Du « statut des statues » et du nom des rues, en Martinique et ailleurs

Le 28 mai 2020 Didier Laguerre, réélu à la tête de la mairie de Fort-de-France, évoquait ainsi, entre autres choses, la mise en place d’une commission « pour la mémoire et la transmission », où toutes les composantes de la société martiniquaise pourraient se parler, où chacun pourrait confronter ses idées à celles des autres : « Je suis convaincu que c’est comme cela que nous allons régler des problèmes. Face notamment aux problématiques identitaires et mémorielles qui se présentent actuellement à la Martinique, la question de la transmission est fondamentale ».
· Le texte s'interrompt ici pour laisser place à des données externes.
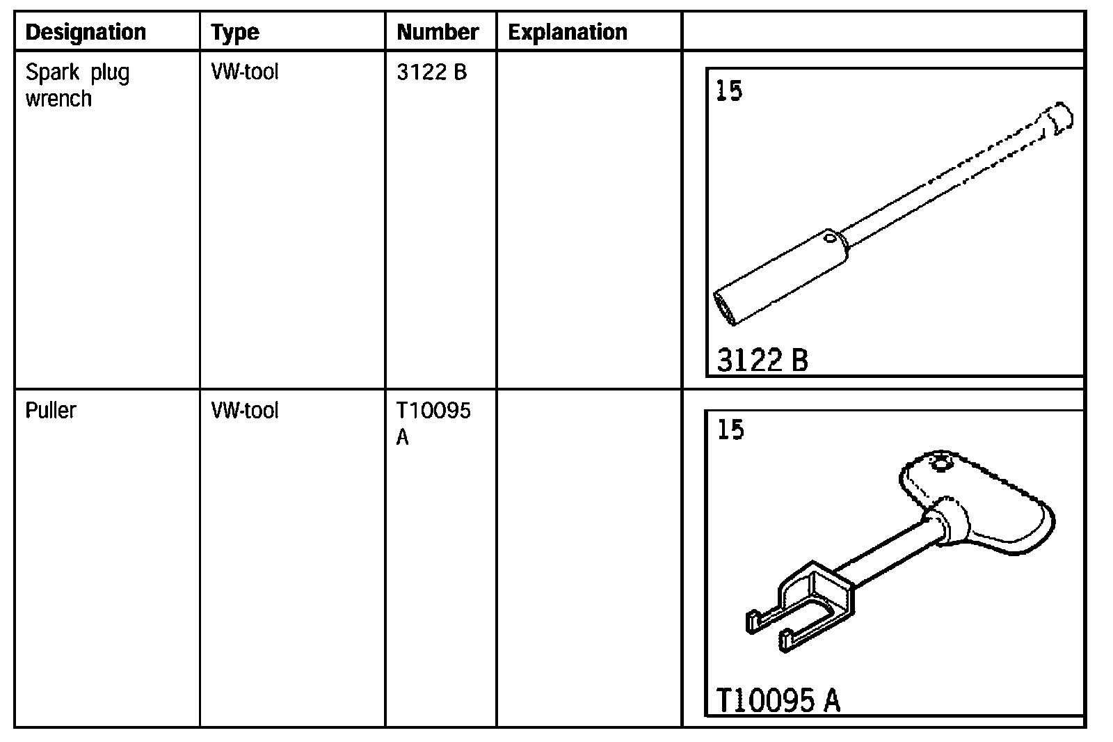 3. Tighten spark plugs using special tool spark plug wrench 3122 B. Tightening torque: 20 (15 ftlb.) Nm

Cette commission pourrait faire des propositions qui donneraient éventuellement lieu à des consultations populaires, expliquait alors Didier Laguerre. Il s’agirait selon lui de permettre à la société martiniquaise de franchir une nouvelle étape dans le partage de son histoire. L’idée de la mise en place de cette commission a reçu un accueil favorable des deux groupes de la minorité, à savoir « Fok sa chanjé fodfwans » et « Lyannaj’Pou Levé fodfwans », emmenés respectivement par Francis Carole et Nathalie Jos. Cette dernière, nouvellement arrivée dans le Conseil Municipal, dit être dans un esprit constructif ; elle déclare : « Il y a une urgence démocratique dans ce pays. Il faut arrêter les petits jeux politiques. Le peuple veut nous voir au travail ». Elle estime que nous sommes en présence d’une crise identitaire et pense que c’est une bonne idée, la mise en place d’une commission sur ces questions. Notamment avec une composante toponymique pour renommer certaines rues. (Journal France Antilles du 28 mai 2020)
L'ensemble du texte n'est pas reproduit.